***** Given data

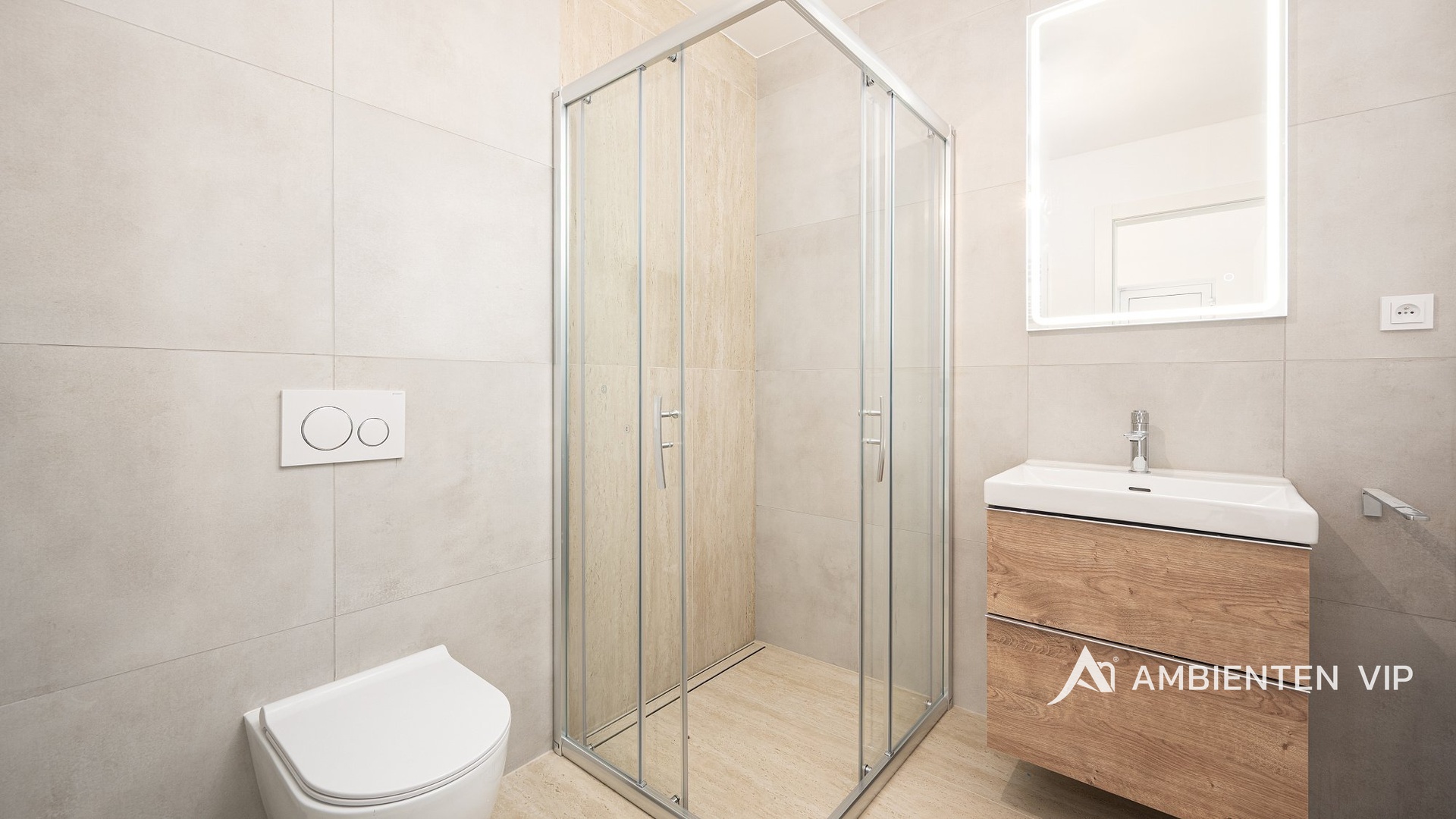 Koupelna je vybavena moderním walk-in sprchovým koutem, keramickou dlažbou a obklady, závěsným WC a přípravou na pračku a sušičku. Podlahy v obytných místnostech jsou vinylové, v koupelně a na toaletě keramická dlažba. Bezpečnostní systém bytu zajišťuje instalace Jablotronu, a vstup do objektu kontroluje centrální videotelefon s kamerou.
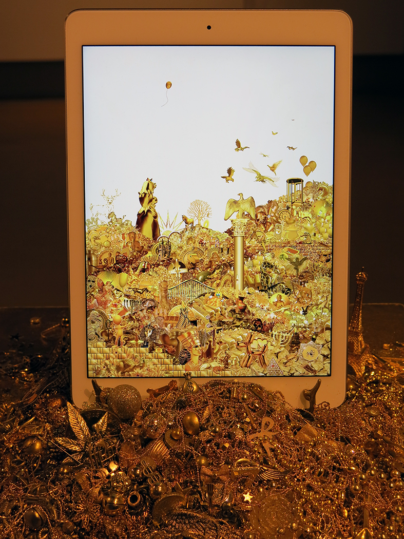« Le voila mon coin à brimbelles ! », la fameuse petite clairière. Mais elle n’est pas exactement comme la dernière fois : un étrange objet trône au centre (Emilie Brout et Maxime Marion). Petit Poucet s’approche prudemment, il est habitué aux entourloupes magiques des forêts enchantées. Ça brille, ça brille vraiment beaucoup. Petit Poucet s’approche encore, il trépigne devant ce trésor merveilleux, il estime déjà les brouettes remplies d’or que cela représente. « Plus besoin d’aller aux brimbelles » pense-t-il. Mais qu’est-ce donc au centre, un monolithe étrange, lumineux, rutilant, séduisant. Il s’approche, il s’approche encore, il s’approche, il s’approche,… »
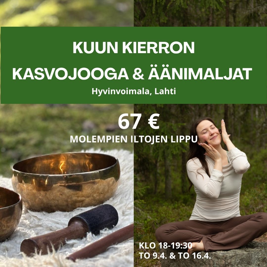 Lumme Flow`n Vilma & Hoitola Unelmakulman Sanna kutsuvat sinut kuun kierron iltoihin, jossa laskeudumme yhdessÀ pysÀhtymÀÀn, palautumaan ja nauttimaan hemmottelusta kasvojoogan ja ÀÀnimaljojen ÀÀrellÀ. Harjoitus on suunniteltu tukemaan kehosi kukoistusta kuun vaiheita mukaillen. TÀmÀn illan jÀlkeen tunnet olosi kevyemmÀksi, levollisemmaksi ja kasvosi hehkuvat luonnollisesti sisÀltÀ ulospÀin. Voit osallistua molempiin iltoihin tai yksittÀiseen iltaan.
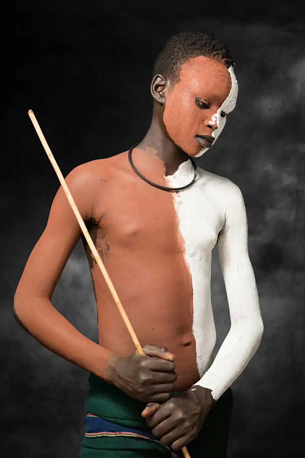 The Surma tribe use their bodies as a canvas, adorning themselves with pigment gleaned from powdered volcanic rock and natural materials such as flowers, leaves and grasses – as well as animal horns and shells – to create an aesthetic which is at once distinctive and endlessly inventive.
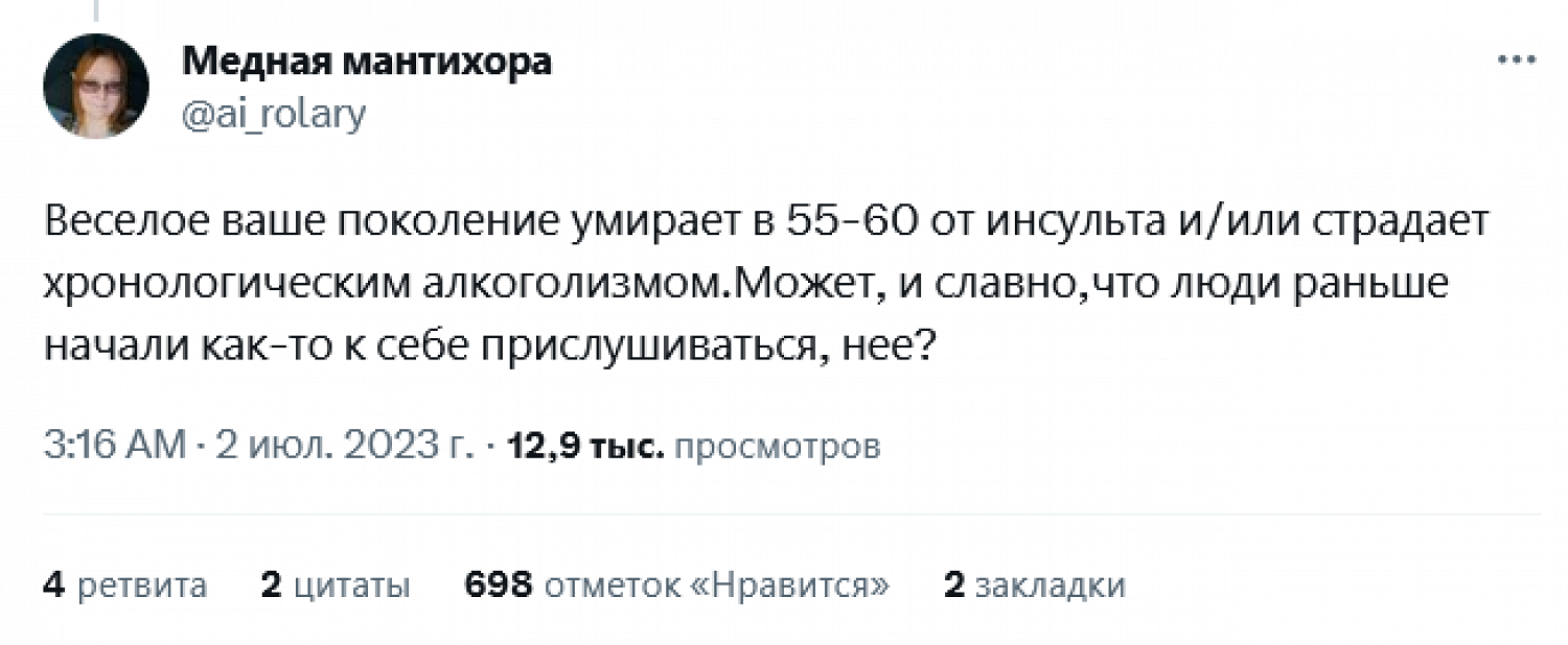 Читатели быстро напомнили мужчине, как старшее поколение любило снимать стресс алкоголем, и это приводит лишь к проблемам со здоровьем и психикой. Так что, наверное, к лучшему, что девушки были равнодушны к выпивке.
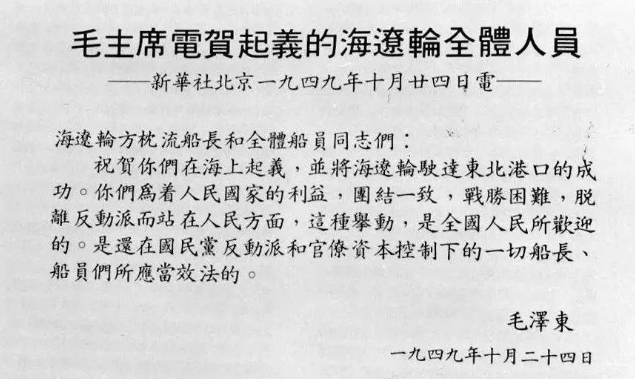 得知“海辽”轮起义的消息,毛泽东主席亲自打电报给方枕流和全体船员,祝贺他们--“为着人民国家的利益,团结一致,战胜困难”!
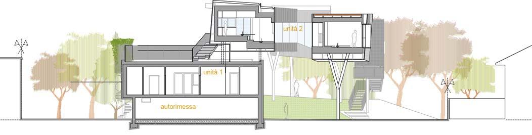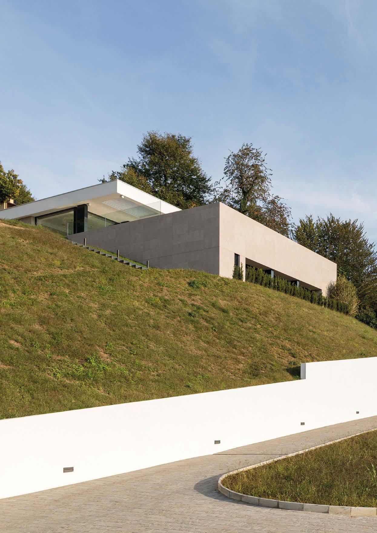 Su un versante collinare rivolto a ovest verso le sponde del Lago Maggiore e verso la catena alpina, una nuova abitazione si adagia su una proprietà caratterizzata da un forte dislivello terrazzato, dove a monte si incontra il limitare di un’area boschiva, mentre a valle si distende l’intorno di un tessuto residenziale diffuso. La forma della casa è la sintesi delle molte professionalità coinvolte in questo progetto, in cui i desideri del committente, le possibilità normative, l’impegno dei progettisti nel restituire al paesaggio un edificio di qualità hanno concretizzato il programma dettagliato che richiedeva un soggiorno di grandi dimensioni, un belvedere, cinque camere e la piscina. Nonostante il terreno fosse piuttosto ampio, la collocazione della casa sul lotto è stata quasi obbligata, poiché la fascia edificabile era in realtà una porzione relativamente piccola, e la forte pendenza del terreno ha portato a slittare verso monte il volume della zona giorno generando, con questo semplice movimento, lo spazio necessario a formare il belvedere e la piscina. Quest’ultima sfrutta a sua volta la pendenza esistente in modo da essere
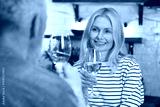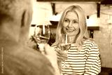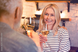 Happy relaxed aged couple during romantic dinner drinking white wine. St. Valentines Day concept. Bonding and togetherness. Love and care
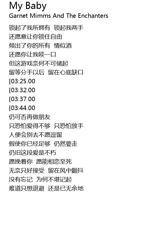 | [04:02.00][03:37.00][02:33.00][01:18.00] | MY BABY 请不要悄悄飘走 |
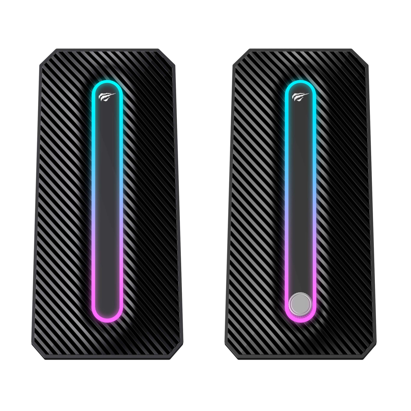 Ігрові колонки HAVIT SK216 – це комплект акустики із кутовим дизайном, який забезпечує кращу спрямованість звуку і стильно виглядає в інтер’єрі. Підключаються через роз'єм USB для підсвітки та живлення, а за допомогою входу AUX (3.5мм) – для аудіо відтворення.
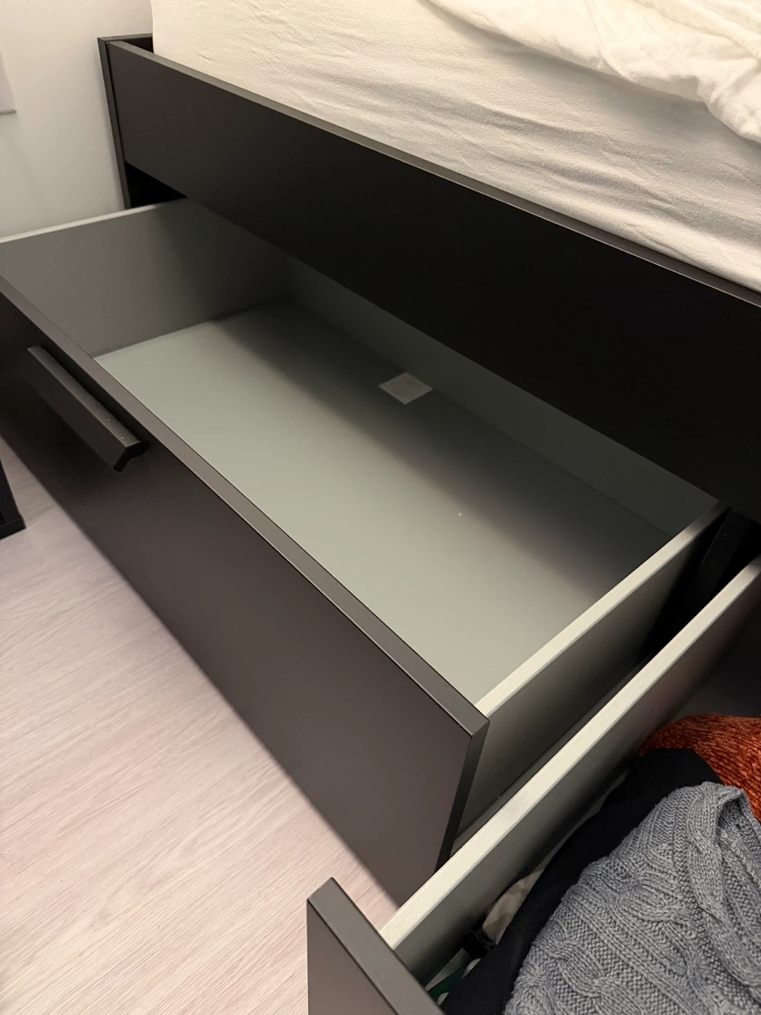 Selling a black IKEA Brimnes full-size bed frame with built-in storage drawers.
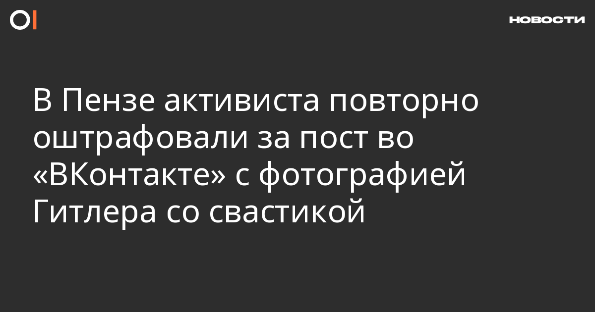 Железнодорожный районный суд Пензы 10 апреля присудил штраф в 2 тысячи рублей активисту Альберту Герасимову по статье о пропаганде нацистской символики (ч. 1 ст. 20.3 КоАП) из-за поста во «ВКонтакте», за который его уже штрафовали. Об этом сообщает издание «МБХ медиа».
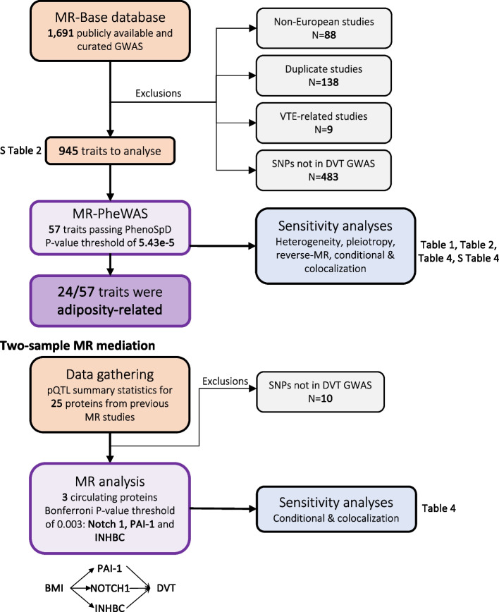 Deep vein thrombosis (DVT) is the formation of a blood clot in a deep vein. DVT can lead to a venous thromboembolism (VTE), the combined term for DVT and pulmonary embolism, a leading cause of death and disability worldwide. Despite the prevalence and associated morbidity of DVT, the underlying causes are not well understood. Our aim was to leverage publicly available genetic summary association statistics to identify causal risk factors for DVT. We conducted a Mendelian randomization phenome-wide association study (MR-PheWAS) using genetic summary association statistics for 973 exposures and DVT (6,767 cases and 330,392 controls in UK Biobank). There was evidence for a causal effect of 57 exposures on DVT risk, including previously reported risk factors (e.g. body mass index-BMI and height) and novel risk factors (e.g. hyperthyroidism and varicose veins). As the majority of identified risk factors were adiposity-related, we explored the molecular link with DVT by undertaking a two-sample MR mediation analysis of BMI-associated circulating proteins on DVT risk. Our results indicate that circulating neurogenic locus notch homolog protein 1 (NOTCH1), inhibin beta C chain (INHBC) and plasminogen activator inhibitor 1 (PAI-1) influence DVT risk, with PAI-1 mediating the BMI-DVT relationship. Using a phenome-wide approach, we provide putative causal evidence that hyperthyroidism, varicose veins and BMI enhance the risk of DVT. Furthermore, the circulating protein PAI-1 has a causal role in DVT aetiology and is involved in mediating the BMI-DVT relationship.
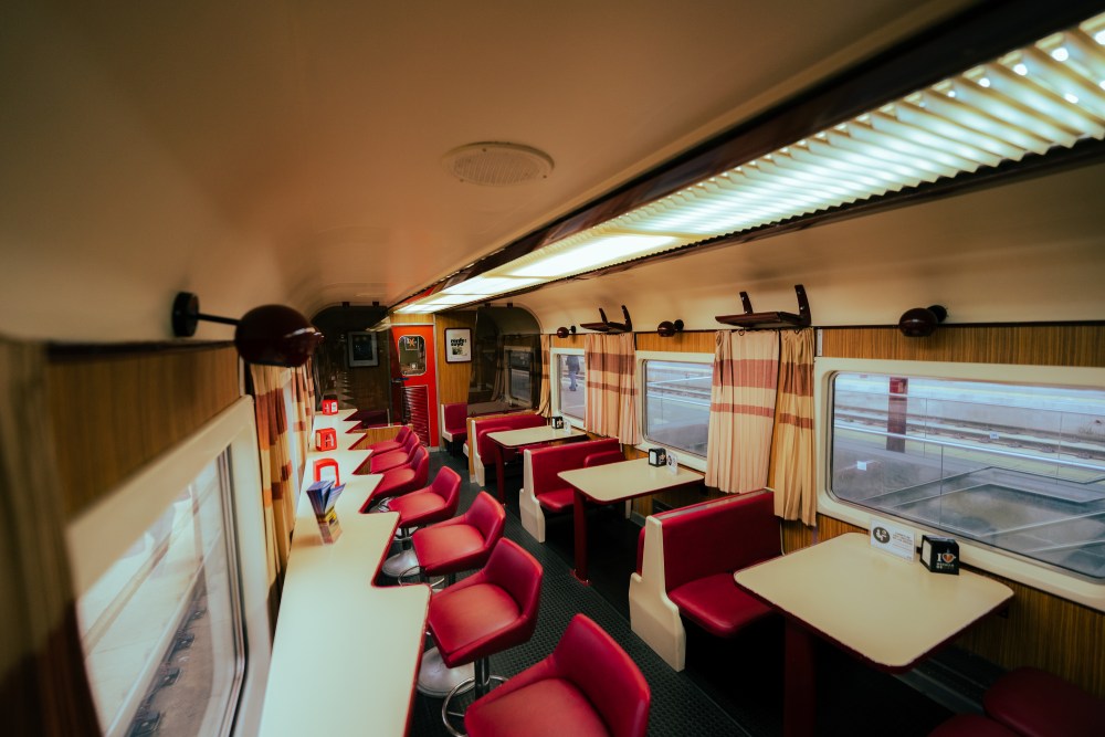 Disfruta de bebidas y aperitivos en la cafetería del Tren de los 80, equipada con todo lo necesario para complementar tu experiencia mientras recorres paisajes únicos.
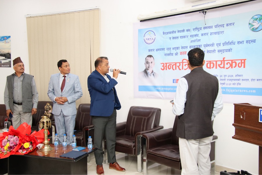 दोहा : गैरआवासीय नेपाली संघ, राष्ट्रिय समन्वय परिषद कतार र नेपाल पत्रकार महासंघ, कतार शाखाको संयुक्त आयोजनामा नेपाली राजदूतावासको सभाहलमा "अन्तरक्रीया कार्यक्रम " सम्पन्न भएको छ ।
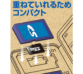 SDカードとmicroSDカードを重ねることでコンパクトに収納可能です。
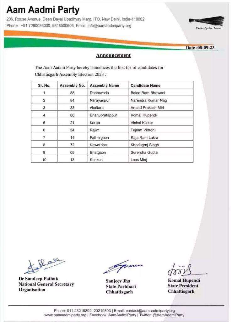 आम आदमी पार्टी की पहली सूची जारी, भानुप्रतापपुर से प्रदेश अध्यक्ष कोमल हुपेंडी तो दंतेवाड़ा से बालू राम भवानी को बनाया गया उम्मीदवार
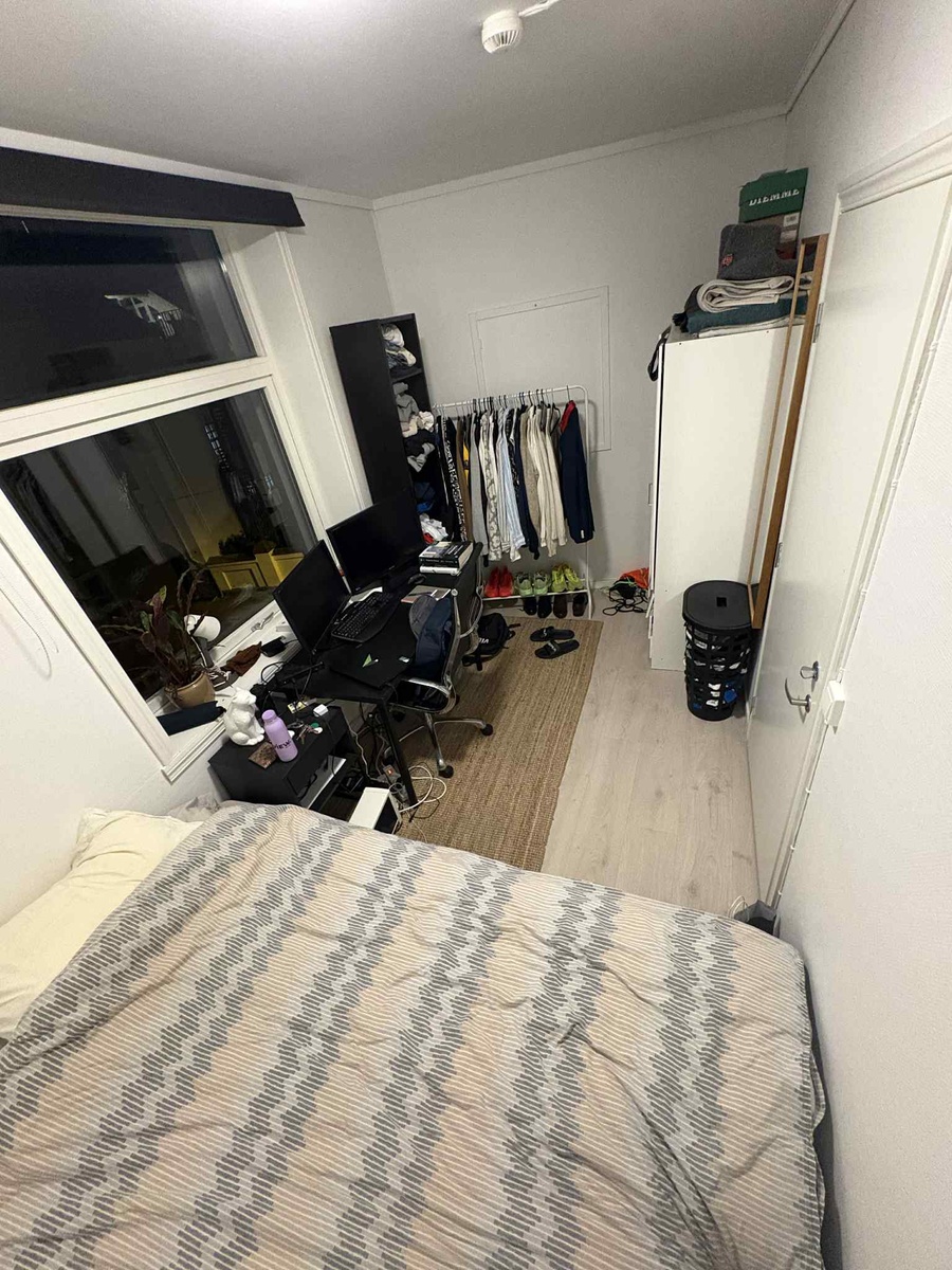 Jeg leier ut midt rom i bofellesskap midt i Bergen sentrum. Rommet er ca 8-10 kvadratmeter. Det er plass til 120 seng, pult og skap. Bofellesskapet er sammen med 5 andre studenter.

**********

> [Exercise] The output is the stretch above from the line with "Selling a black" through the line with "Железнодорожный районный суд", copied word for word with both ends kept and every picture dropped.

> [Output of the exercise]
 Selling a black IKEA Brimnes full-size bed frame with built-in storage drawers.
 Железнодорожный районный суд Пензы 10 апреля присудил штраф в 2 тысячи рублей активисту Альберту Герасимову по статье о пропаганде нацистской символики (ч. 1 ст. 20.3 КоАП) из-за поста во «ВКонтакте», за который его уже штрафовали. Об этом сообщает издание «МБХ медиа».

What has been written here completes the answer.